Gradient Descent in Pytorch vs. TF

Hey, can any master tell me the reason?

In TF if we compute the gradient and then for the next step with optimizer we will give gradient ( derivatives) to it, I think this is purely logically, at least it is so similar to the situation that we do without optimizer, here are the classical codes:

  grads = tape.gradient(loss, model.trainable_weights)
  optimizer.apply_gradients(zip(grads, model.trainable_weights))

However, with PyTorch it is with the classical codes:

  yhat = model(x)
  loss = loss_object(yhat, y)
  optimizer.zero_grad()
  loss.backward()
  optimizer.step()

There isn’t thingy like grads.

I know that both of them work respectively in their own world, however, how does PyTorch do behind?

Thank you

Pytorch does the same thing while performing gradient descent.

When loss.backward() is called, all the trainable weights of the network get differentiated with respect to the loss and all the trainable weights will have their .grad variable accumulated with the gradients.

optimizer.step() updates the trainable weights of the network.

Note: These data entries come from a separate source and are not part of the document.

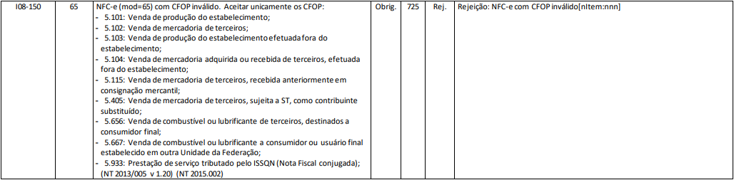 Rejeição 725: NFC-e com CFOP inválido (NFC-e)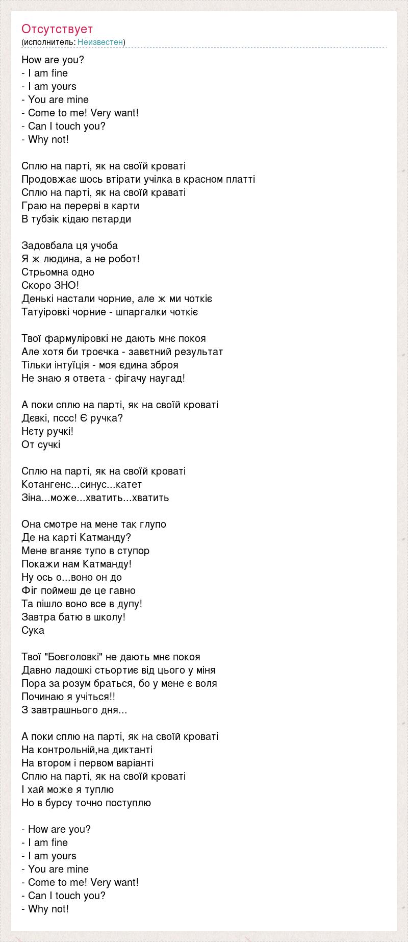 How are you? - I am fine - I am yours - You are mine - Come to me! Very want! - Can I touch you? - Why not! Сплю на парті, як на своїй кроваті Продовжає шось втірати учілка в красном платті Сплю на парті, як на своїй краваті Граю на перерві в карти В тубзік кідаю пєтарди Задовбала ця учоба Я ж людина, а не робот! Стрьомна одно Скоро ЗНО! Денькі настали чорние, але ж ми чоткіє Татуіровкі чорние - шпаргалки чоткіє Твої фармуліровкі не дають мнє покоя Але хотя би троєчка - завєтний результат Тільки інтуїція - моя єдина зброя Не знаю я ответа - фігачу наугад! А поки сплю на парті, як на своїй кроваті Дєвкі, пссс! Є ручка? Нєту ручкі! От сучкі Сплю на парті, як на своїй кроваті Котангенс...синус...катет Зіна...може...хватить...хватить Она смотре на мене так глупо Де на карті Катманду? Мене вганяє тупо в ступор Покажи нам Катманду! Ну ось о...воно он до Фіг поймеш де це гавно Та пішло воно все в дупу! Завтра батю в школу! Сука Твої "Боєголовкі" не дають мнє покоя Давно ладошкі стьортиє від цього у міня Пора за розум браться, бо у мене є воля Починаю я учіться!! З завтрашнього дня... А поки сплю на парті, як на своїй кроваті На контрольній,на диктанті На втором і первом варіанті Сплю на парті, як на своїй кроваті І хай може я туплю Но в бурсу точно поступлю - How are you? - I am fine - I am yours - You are mine - Come to me! Very want! - Can I touch you? - Why not!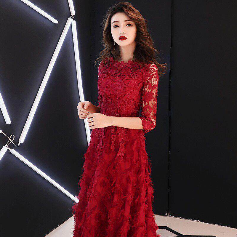 Ocnltiy酒红色长袖敬酒服新娘春秋结婚回门气质显瘦长款晚礼服女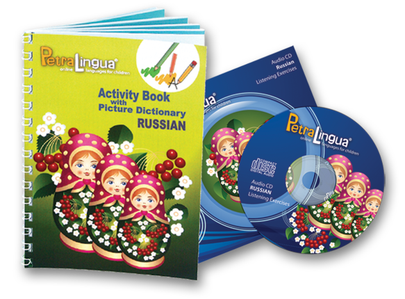 With the complete PetraLingua® Russian for kids set your kids are now able to enjoy our colorful Russian learning videos on DVD, listen to all the songs from the course on CD and practice what they have learned with their Russian activity books!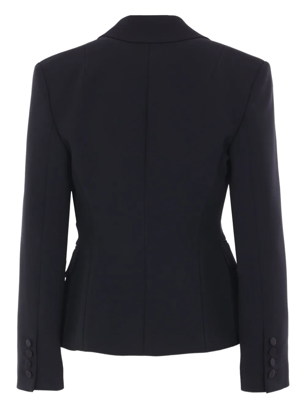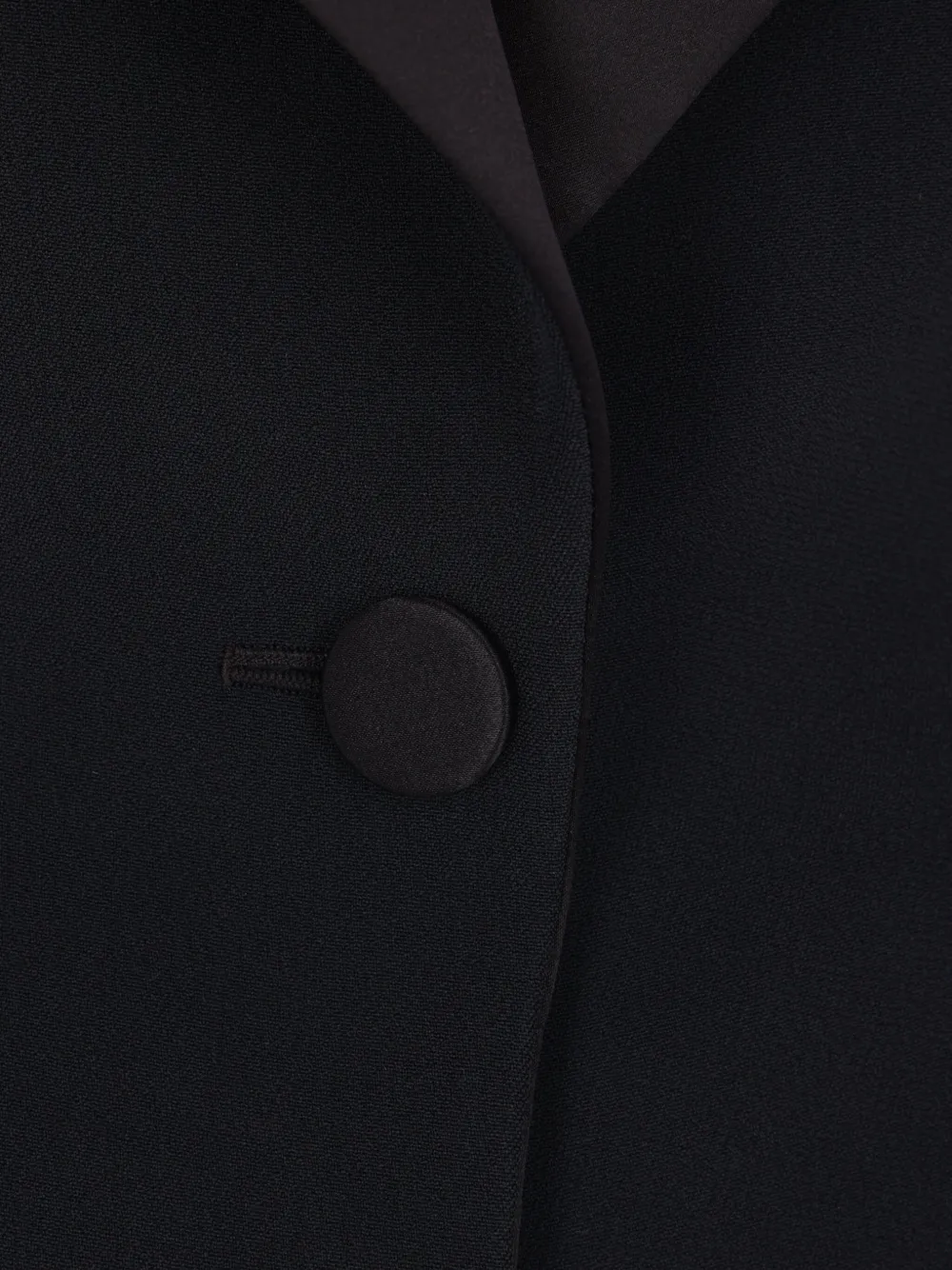 черный лацкан, застежка на пуговицы, передние карманы, манжеты на пуговицах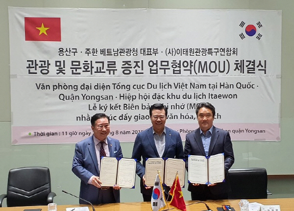 서울 용산구(구청장 성장현)가 지난 27일 구청 소회의실에서 주한베트남관광청(관광대사 리 쓰엉 깐), 이태원관광특구연합회(회장 조민성)와 함께 3자간 ‘관광·문화교류 증진을 위한 업무협약(MOU)’을 맺었다.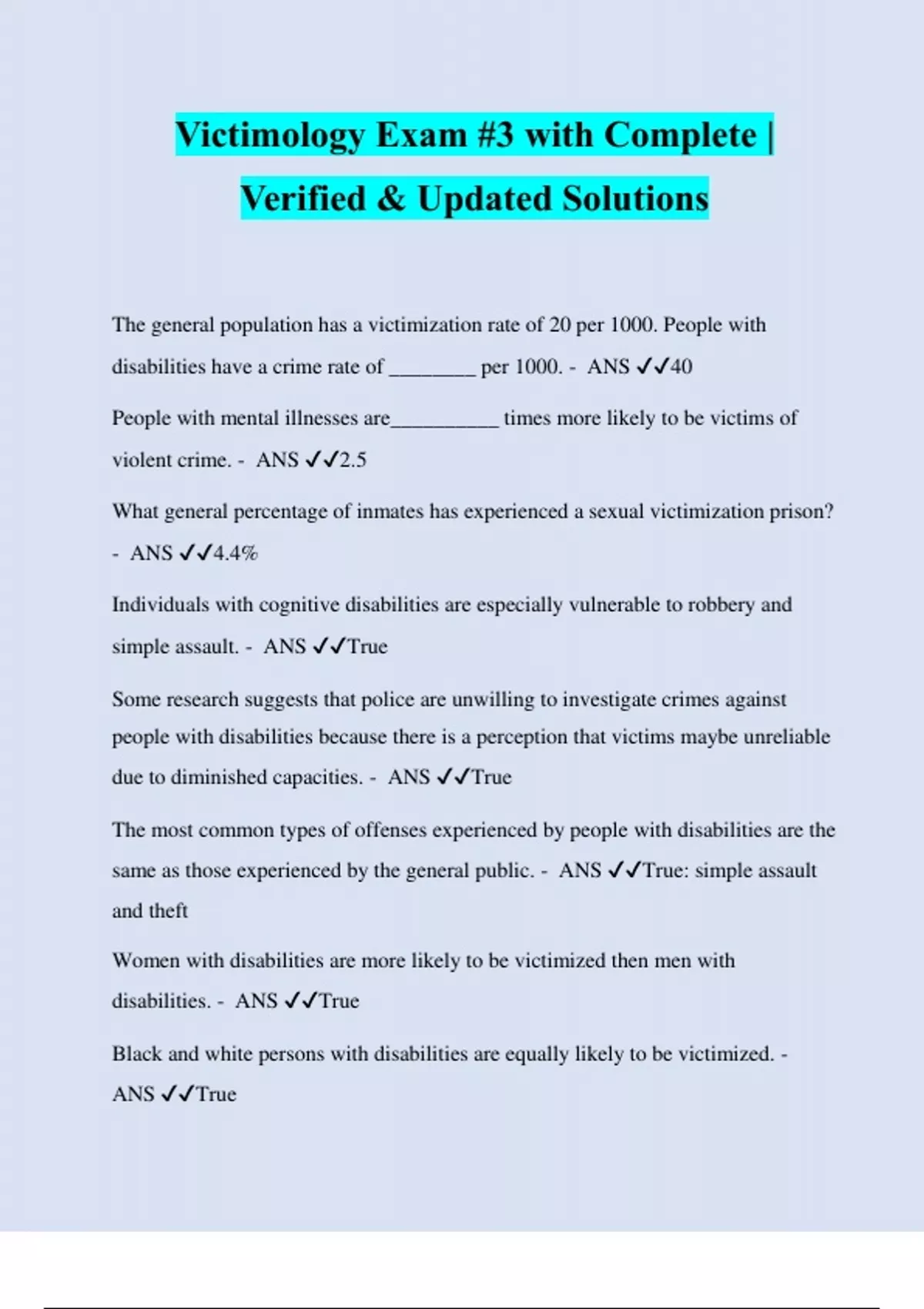 Victimology Exam #3 with Complete | Verified & Updated Solutions The general population has a victimization rate of 20 per 1000. People with disabilities have a crime rate of ________ per 1000. - ANS ️️ 40 People with mental illnesses are__________ times more likely to be victims of violent crime. - ANS ️️ 2.5 What general percentage of inmates has experienced a sexual victimization prison? - ANS ️️ 4.4% Individuals with cognitive disabilities are especially vulnerable to robbery and simple assault. - ANS ️️ True Some research suggests that police are unwilling to investigate crimes against people with disabilities because there is a perception that victims maybe unreliable due to diminished capacities. - ANS ️️ True The most common types of offenses experienced by people with disabilities are the same as those experienced by the general public. - ANS ️️ True: simple assault and theft Women with disabilities are more likely to be victimized then men with disabilities. - ANS ️️ True Black and white persons with disabilities are equally likely to be victimized. - ANS ️️ True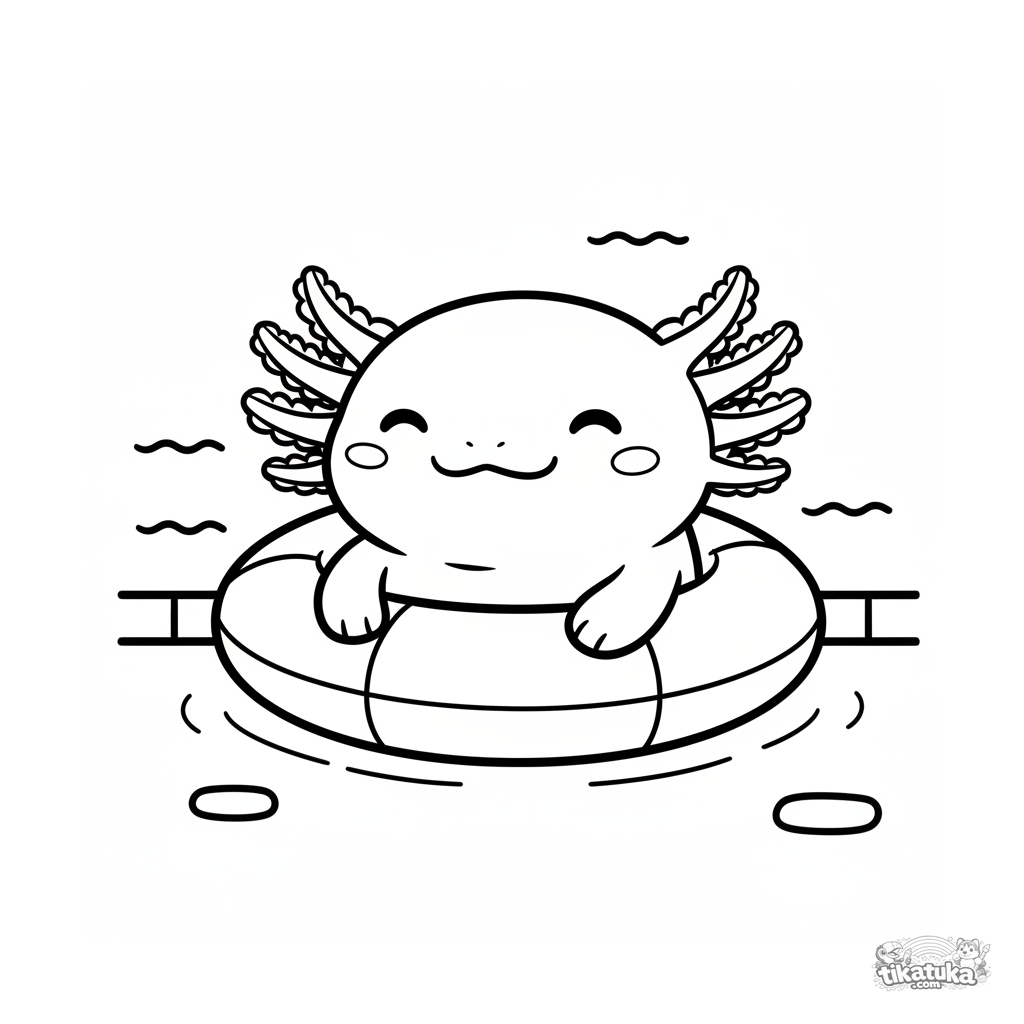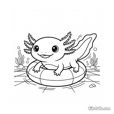 Página para colorear para bebés: un lindo ajolote descansa en un anillo inflable en el fondo de una piscina. Formas grandes y simples con amplios márgenes para colorear fácilmente.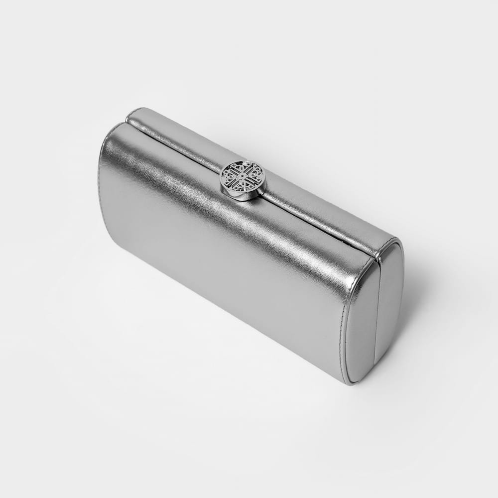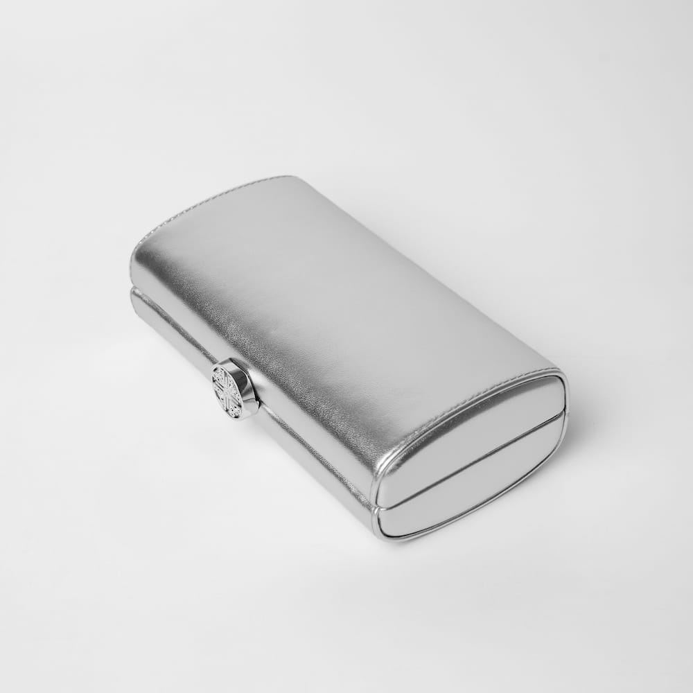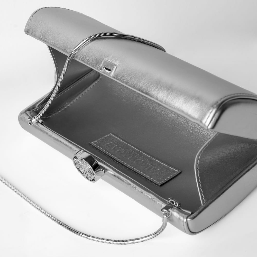 Clutch bag in calfskin fabric with a thin shoulder strap. Ideal to be held or worn crossbody. Lined in silver, with a TB clasp for added detail and maximum security.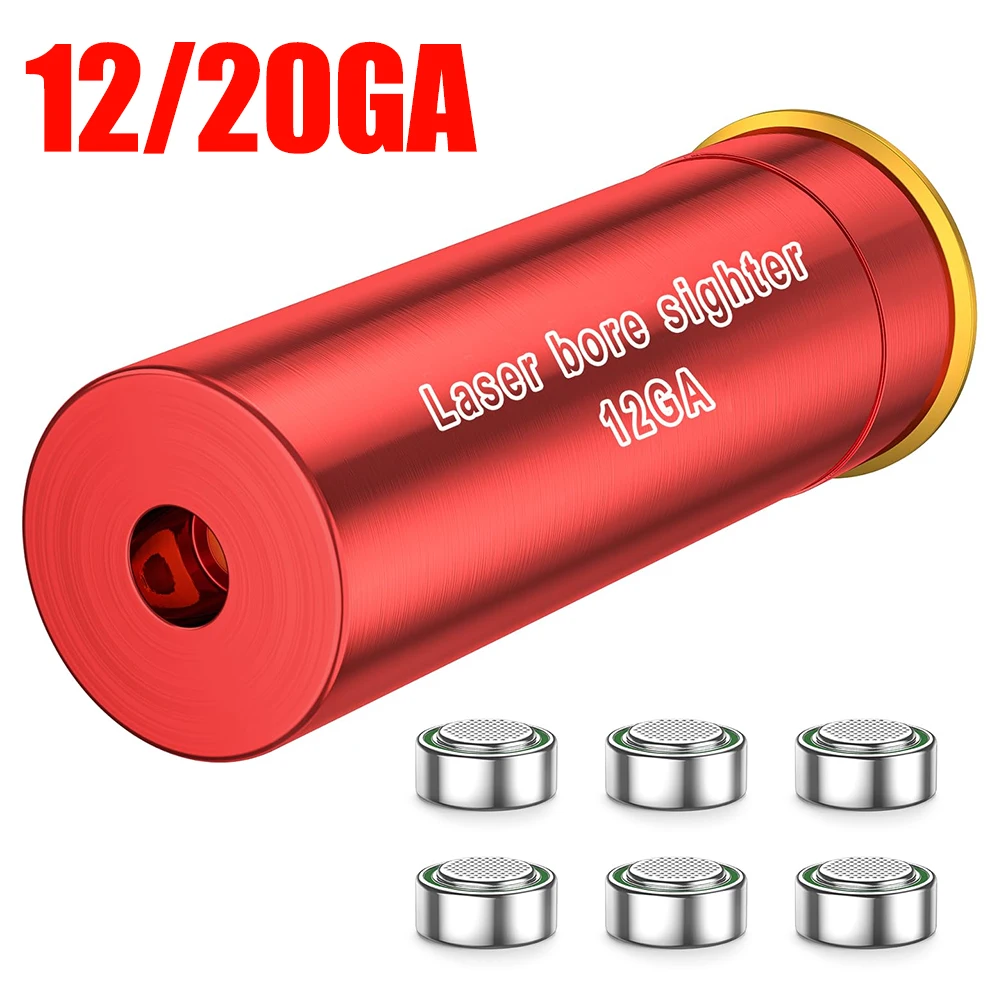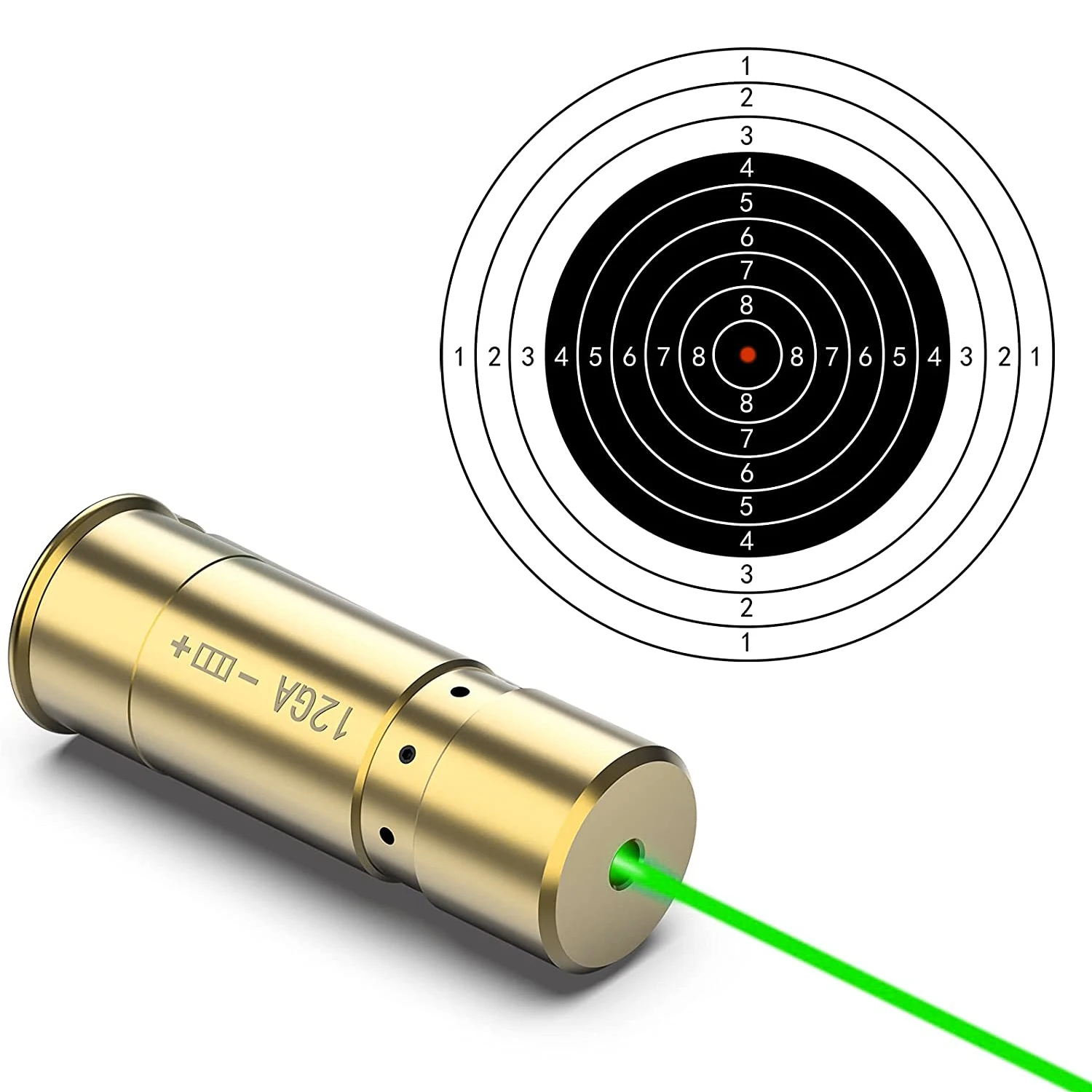 20GA 12GA Bore Sight Calibrador láser verde Boresighter con 3 juegos de baterías Entrenamiento de incendio seco Bullet Shotgun Entrenamiento Zeroing

thanks, after I saw those codes in some projects then I understand why , thx

        
        # backward pass: compute gradient of the loss with respect to all the learnable parameters
        loss.backward()
        
        # update parameters slope and bias
        w.data = w.data - lr * w.grad.data
        b.data = b.data - lr * b.grad.data
        
        # zero the gradients before running the backward pass
        w.grad.data.zero_()
        b.grad.data.zero_()